> [Problem to work on]
Starting at the line that contains "The hybrid concept" and ending at the line that contains "Amphibious Mobile Suit, mecha, robot, one-eyed, glowing", the lines below are to be given again exactly, with nothing added.

> [Source data]

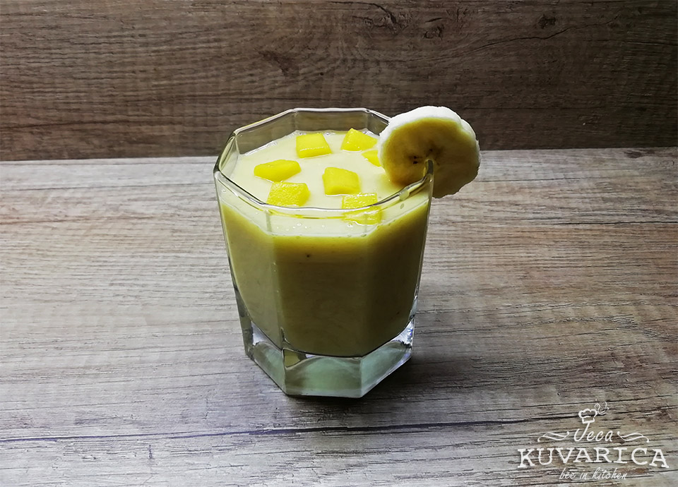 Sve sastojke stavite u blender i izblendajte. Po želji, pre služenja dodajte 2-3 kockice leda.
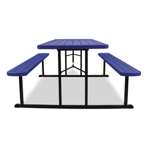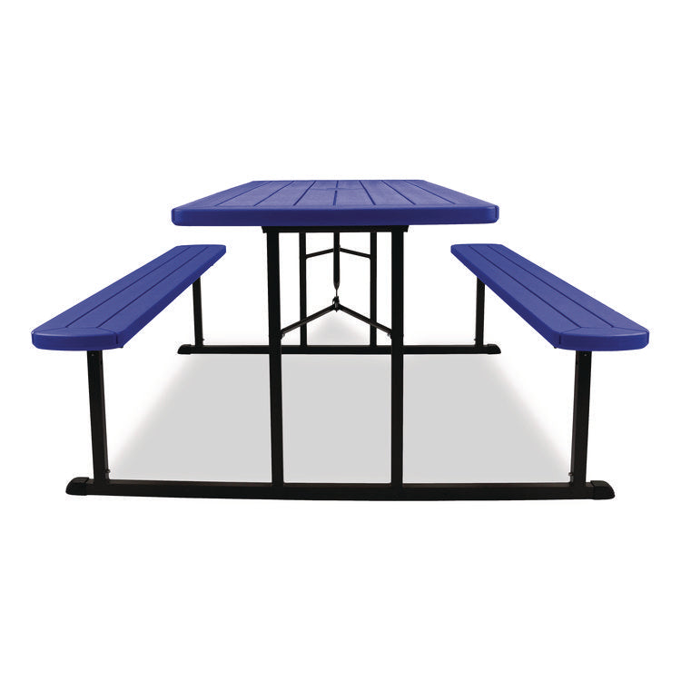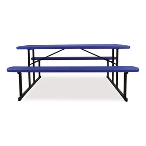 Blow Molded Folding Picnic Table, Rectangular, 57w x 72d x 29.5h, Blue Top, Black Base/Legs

...

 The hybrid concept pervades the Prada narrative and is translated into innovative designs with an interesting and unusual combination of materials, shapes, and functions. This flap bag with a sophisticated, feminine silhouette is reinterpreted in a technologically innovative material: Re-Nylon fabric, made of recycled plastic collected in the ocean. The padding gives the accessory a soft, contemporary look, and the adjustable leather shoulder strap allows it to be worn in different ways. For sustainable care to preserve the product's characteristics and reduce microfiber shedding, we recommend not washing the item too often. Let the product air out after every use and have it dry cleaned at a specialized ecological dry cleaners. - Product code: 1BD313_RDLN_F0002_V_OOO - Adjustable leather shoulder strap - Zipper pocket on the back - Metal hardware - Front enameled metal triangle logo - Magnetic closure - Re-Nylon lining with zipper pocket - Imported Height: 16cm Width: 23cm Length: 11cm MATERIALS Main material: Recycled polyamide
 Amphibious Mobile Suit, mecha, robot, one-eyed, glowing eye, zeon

> [Expected output]
 The hybrid concept pervades the Prada narrative and is translated into innovative designs with an interesting and unusual combination of materials, shapes, and functions. This flap bag with a sophisticated, feminine silhouette is reinterpreted in a technologically innovative material: Re-Nylon fabric, made of recycled plastic collected in the ocean. The padding gives the accessory a soft, contemporary look, and the adjustable leather shoulder strap allows it to be worn in different ways. For sustainable care to preserve the product's characteristics and reduce microfiber shedding, we recommend not washing the item too often. Let the product air out after every use and have it dry cleaned at a specialized ecological dry cleaners. - Product code: 1BD313_RDLN_F0002_V_OOO - Adjustable leather shoulder strap - Zipper pocket on the back - Metal hardware - Front enameled metal triangle logo - Magnetic closure - Re-Nylon lining with zipper pocket - Imported Height: 16cm Width: 23cm Length: 11cm MATERIALS Main material: Recycled polyamide
 Amphibious Mobile Suit, mecha, robot, one-eyed, glowing eye, zeon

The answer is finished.